Josh points out Google’s Sitemap Protocol, via the SWIG Chump. I pull out my XSLT-foo (what little of it there is). I hack a bit back and forth, run into a problem which uche helps me figure out: “XPath does *not* use the default prefix in the stylseheet for purposes of matching”, fix my XSLT up a bit, and create a new RDF source under my semweb section: Google Sitemap Tools, including an XSLT stylesheet, example output, and a conversion service which uses the XSLT: For example, Google’s Example File in RDF.

Now, to find some sitemaps in action in the real world, and add gzip decoding of gzipped sitemaps.

XSLT + Image Regions + Sparql

Posted in Flickr, Image Description, RDF, SPARQL, XSLT on May 22nd, 2005 at 20:05:23

Read Masahide’s notes on XSLT+Image Regions. Used some tools to convert my flickr photos to RDF.

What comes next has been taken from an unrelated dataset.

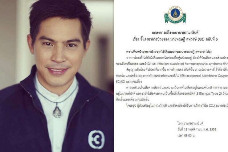 แพทย์แถลงอาการป่วย ปอ ทฤษฎี ยังอยู่ในขั้นวิกฤตใช้เครื่องช่วยหายใจ ต้องเฝ้าระวังอย่างต่อเนื่อง
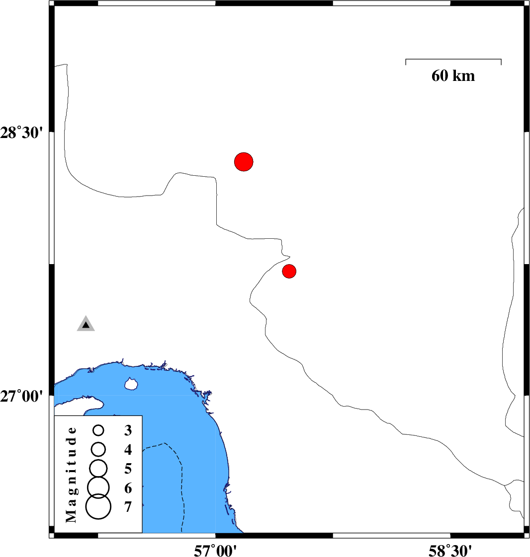 | 2020/03/27 | 06:40:44.6 | 11:10:44.6 | 28.33 | 57.18 | 15 | ML5.3 | Kerman Province, 66 km North-West of Kahnuj |

Converted an XSLT Stylesheet to a different result format. Loaded ~400 RDF files into a Model, totalling 33,000 statements. Added an option to my Sparql Interface. Changed the default query. Made the extra option add the stylesheet.

Ran a query. Tweaked until it worked. Typed it all up here, to share with all of you.

Hooray for masahide, flickr, and all kinds of other wonderful things.